### Exercise materials
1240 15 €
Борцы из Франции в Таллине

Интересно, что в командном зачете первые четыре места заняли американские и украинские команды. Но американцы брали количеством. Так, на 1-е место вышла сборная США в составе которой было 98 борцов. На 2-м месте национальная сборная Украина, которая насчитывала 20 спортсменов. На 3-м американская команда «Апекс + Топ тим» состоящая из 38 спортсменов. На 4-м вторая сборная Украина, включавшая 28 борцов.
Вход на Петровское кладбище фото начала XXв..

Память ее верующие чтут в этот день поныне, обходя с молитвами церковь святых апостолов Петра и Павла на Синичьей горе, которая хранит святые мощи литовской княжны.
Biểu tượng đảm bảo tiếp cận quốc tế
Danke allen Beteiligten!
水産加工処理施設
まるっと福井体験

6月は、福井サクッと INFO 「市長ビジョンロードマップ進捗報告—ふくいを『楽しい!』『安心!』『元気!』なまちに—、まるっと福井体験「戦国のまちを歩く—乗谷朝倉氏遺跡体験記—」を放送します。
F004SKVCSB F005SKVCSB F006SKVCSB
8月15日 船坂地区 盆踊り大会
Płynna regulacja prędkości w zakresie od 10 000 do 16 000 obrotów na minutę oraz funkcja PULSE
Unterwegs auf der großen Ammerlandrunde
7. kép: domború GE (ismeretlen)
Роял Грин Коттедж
==
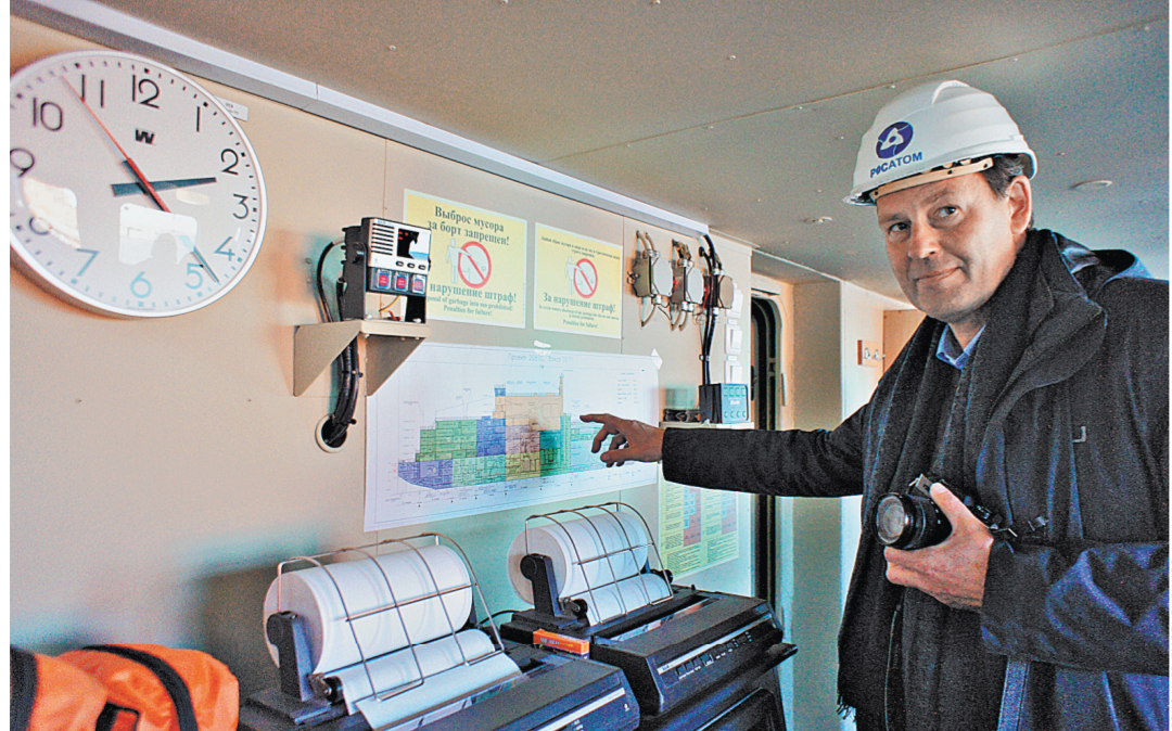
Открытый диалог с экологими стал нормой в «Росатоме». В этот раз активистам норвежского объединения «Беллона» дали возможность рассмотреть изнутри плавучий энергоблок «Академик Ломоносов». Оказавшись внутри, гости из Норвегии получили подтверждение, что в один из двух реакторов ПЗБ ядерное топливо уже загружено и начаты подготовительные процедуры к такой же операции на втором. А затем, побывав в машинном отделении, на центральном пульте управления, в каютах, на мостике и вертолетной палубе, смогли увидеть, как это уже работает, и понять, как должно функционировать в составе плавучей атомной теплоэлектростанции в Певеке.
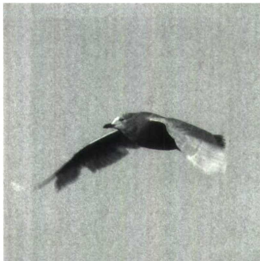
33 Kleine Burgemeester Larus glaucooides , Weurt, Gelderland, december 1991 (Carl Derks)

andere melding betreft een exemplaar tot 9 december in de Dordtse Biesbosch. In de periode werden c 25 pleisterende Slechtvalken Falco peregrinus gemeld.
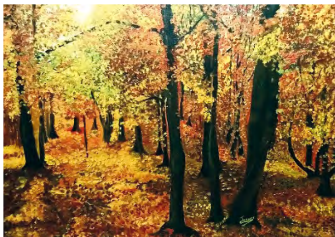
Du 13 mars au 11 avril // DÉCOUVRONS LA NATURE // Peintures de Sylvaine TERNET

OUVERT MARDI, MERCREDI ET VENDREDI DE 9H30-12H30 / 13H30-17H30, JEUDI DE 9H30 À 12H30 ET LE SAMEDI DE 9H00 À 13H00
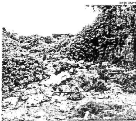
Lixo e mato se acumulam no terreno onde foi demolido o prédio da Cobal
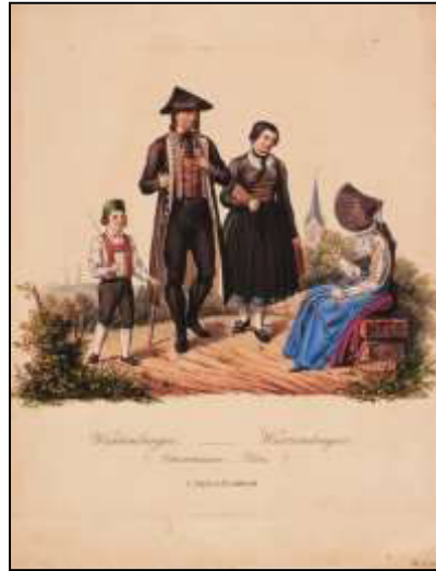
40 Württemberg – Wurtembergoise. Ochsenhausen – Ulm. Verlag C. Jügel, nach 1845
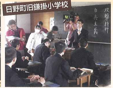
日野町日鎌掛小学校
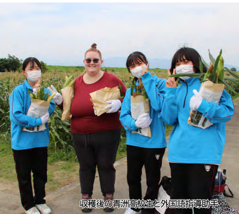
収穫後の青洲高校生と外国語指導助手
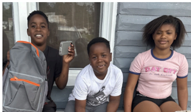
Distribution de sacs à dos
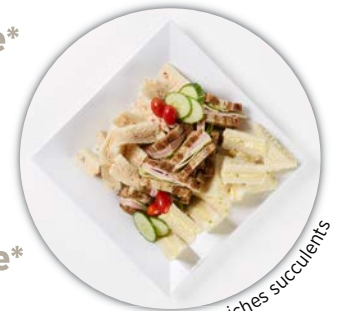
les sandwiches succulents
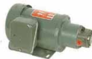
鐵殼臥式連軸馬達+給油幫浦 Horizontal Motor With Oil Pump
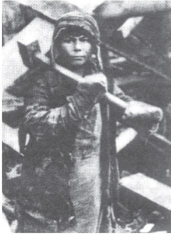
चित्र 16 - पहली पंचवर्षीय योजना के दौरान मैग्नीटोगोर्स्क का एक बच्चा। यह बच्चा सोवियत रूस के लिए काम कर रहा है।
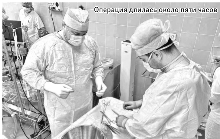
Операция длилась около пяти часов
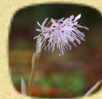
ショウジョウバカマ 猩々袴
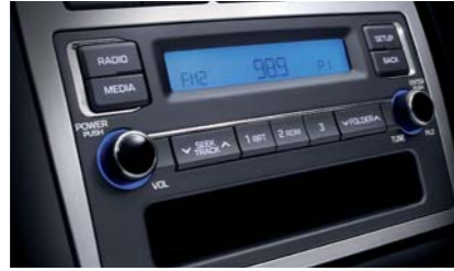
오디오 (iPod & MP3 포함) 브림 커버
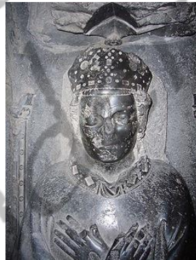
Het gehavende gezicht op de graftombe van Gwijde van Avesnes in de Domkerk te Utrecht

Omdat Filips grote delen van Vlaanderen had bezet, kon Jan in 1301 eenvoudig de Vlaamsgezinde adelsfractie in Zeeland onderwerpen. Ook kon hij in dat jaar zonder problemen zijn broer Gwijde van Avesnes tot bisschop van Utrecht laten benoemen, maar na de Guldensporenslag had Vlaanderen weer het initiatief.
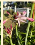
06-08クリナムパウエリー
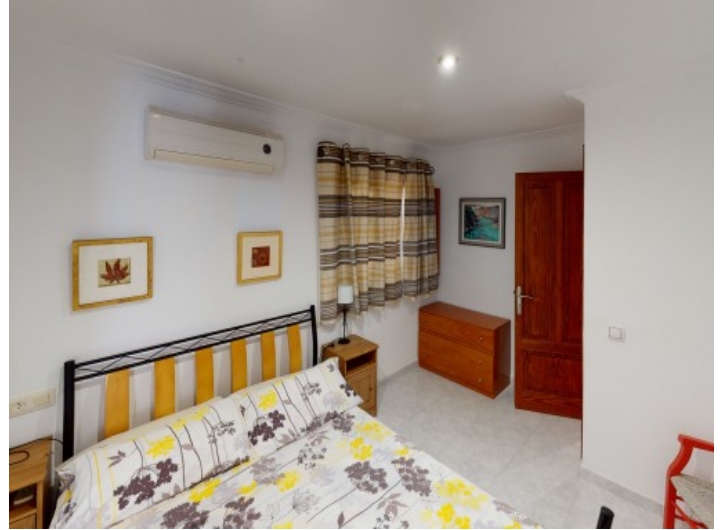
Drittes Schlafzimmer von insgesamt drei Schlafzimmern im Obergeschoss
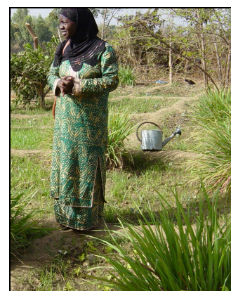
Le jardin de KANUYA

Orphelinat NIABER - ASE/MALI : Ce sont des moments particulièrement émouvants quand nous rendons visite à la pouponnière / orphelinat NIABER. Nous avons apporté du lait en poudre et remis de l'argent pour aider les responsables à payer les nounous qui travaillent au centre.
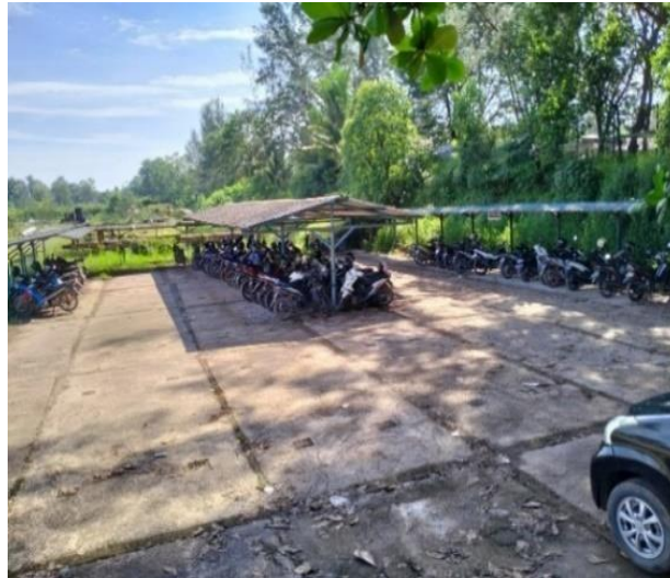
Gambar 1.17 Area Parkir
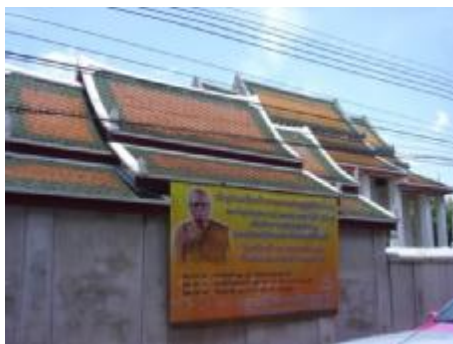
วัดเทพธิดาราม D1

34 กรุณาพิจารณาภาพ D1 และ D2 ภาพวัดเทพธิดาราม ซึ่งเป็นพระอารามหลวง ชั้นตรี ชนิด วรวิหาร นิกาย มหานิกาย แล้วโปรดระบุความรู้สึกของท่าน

### Work instruction
Please return the material above only from the line that holds "चित्र 16 - पहली" through the line that holds "34 กรุณาพิจารณาภาพ D1", exactly as it stands, ends included and pictures omitted.

### Reply
चित्र 16 - पहली पंचवर्षीय योजना के दौरान मैग्नीटोगोर्स्क का एक बच्चा। यह बच्चा सोवियत रूस के लिए काम कर रहा है।
Операция длилась около пяти часов
ショウジョウバカマ 猩々袴
오디오 (iPod & MP3 포함) 브림 커버
Het gehavende gezicht op de graftombe van Gwijde van Avesnes in de Domkerk te Utrecht

Omdat Filips grote delen van Vlaanderen had bezet, kon Jan in 1301 eenvoudig de Vlaamsgezinde adelsfractie in Zeeland onderwerpen. Ook kon hij in dat jaar zonder problemen zijn broer Gwijde van Avesnes tot bisschop van Utrecht laten benoemen, maar na de Guldensporenslag had Vlaanderen weer het initiatief.
06-08クリナムパウエリー
Drittes Schlafzimmer von insgesamt drei Schlafzimmern im Obergeschoss
Le jardin de KANUYA

Orphelinat NIABER - ASE/MALI : Ce sont des moments particulièrement émouvants quand nous rendons visite à la pouponnière / orphelinat NIABER. Nous avons apporté du lait en poudre et remis de l'argent pour aider les responsables à payer les nounous qui travaillent au centre.
Gambar 1.17 Area Parkir
วัดเทพธิดาราม D1

34 กรุณาพิจารณาภาพ D1 และ D2 ภาพวัดเทพธิดาราม ซึ่งเป็นพระอารามหลวง ชั้นตรี ชนิด วรวิหาร นิกาย มหานิกาย แล้วโปรดระบุความรู้สึกของท่าน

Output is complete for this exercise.